Também no Colorado, Washington, Alaska e Oregon, estados norte-americanos, o uso e o comércio para fins recreativos de drogas foi legalizado e nada de grave aconteceu. Os relatórios disponíveis mostram que a criminalidade não aumentou (até diminui), o consumo de marijuana não parece ter aumentado e nem os acidentes de automóveis aumentaram. Quanto a efeitos benéficos, há um efeito directo positivo sobre as finanças públicas, não só porque, ao ser uma actividade legal, paga impostos, como as restantes actividades, como também pelo dinheiro que se poupa dinheiro no combate à criminalidade associada a esta droga.
Ou seja, estamos perante uma situação em que nenhum dos efeitos negativos se verificam e os efeitos positivos são visíveis: aumenta-se a liberdade das pessoas, reconhecendo que são adultos capazes de tomar as suas decisões, e aumentam-se as receitas fiscais em centenas de milhões de dólares.

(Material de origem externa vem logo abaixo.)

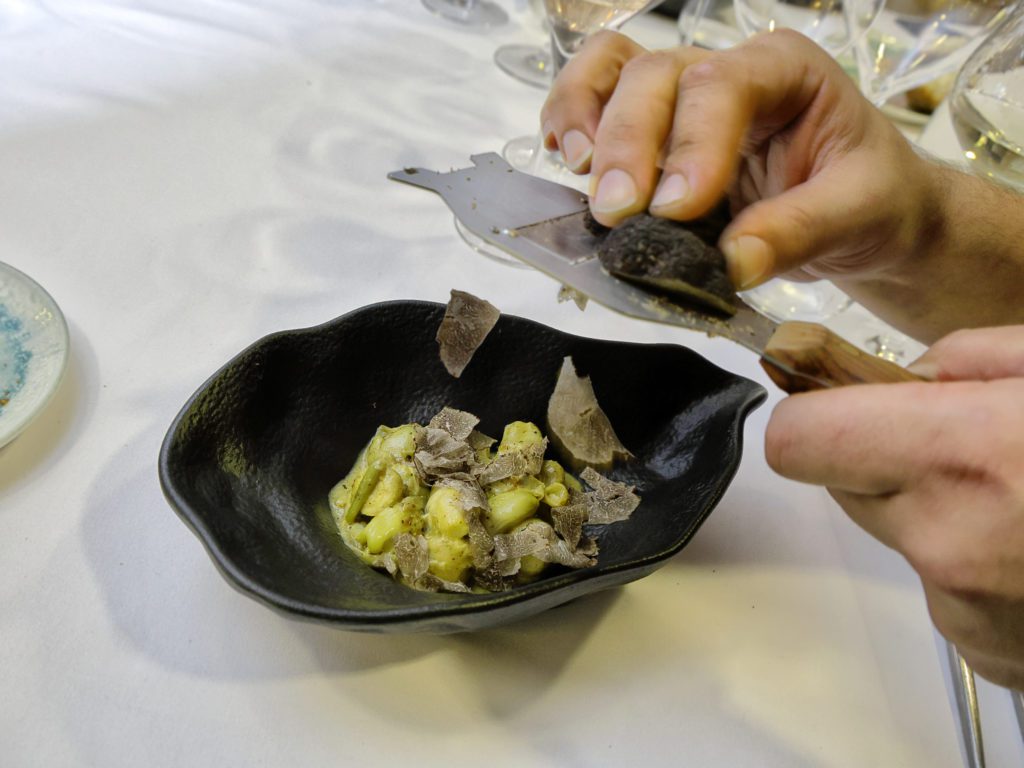 Alcachofas con carbonara y trufa natural, maridada con un albariño Casa Julia. Foto: Gabi Orte Chilindrón.
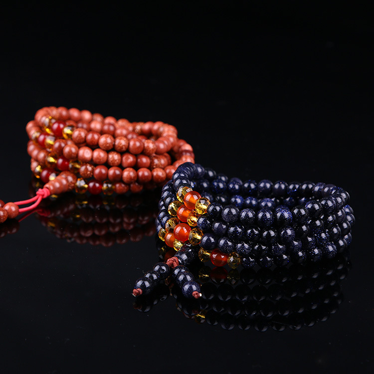 Gold Sandstone Blue Sandstone 108 Buddha Beads Bracelet Three-Way Buddha Head Bracelet Teaching Jewelry Scenic Spot Hot-Selling Attractions Street Stall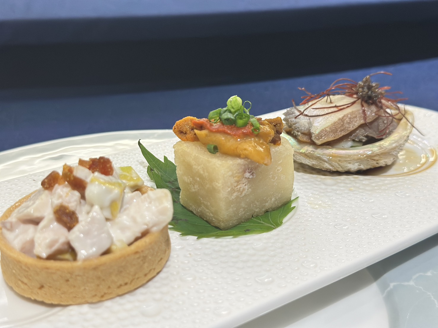 ▲開胃序章以椒麻鮑魚、海膽糕渣與烏魚子酪梨雞肉塔呈現,將粵式食材以法式手法重新演繹,帶來創新風味。( 圖 /陳金金拍攝 )

Mas, na verdade, todos nós sabíamos que era assim que se ia passar. O que não faltam são filmes e séries sobre a lei seca (e a actividade criminal a ela associada) nos Estados Unidos entre 1920 e 1933. O fim da lei seca, não só não trouxe nenhum drama, como permitiu resolver vários dramas. A lei seca foi instaurada com a décima oitava emenda à Constituição norte-americana e foi revertida pela vigésima primeira emenda. É o único caso de uma emenda que foi emendada por outra emenda.

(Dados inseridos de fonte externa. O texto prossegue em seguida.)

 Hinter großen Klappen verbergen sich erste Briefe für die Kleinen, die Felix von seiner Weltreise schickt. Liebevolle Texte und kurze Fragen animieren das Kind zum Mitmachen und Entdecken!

Mas a lição da lei seca norte americana é também muito útil de um ponto de vista comercial. Como sabemos, actualmente, os principais produtores de whisky são a Escócia e os Estados Unidos. Mas, no século XIX, o whiskey irlandês competia com o escocês pela posição dominante a nível mundial. Por uma série de vicissitudes, o whiskey irlandês perdeu esse domínio. Um dos principais motivos foi mesmo a lei seca norte-americana. A partir do momento em que se tornou ilegal a exportação de álcool para os EUA, os irlandeses perderam grande parte do seu mercado. Já os escoceses foram muito mais eficientes na criação de rotas ilegais para o seu whisky, conseguindo até aproveitar um buraco na legislação para ser exportado para fins medicinais, criando uma excelente reputação no mercado.
Ou seja, a lei seca nos EUA foi uma excelente oportunidade de negócio para os escoceses, que ainda hoje beneficiam dela. A verdade é que Portugal pode beneficiar das mesmas condições, só que no campo da marijuana. Empresas estrangeiras já têm em Cantanhede plantações de marijuana para exportação. O nosso clima e o nosso solo parecem ser perfeitos para o efeito. Para já, a exportação é apenas para fins medicinais. Mas, claramente, o mercado está a alargar-se — no Uruguai, na Califórnia e em Vermont também já é legal — e será uma questão de tempo até o seu consumo recreativo ser legal em muitos mais países.
Portugal tem aqui uma oportunidade de ouro para avançar, ser dos primeiros e ganhar reputação. E, uma vez alcançada a reputação internacional, poderemos dela beneficiar durante muitas décadas. Era uma pena perder esta oportunidade apenas pelas teias de aranha que muita gente tem na cabeça.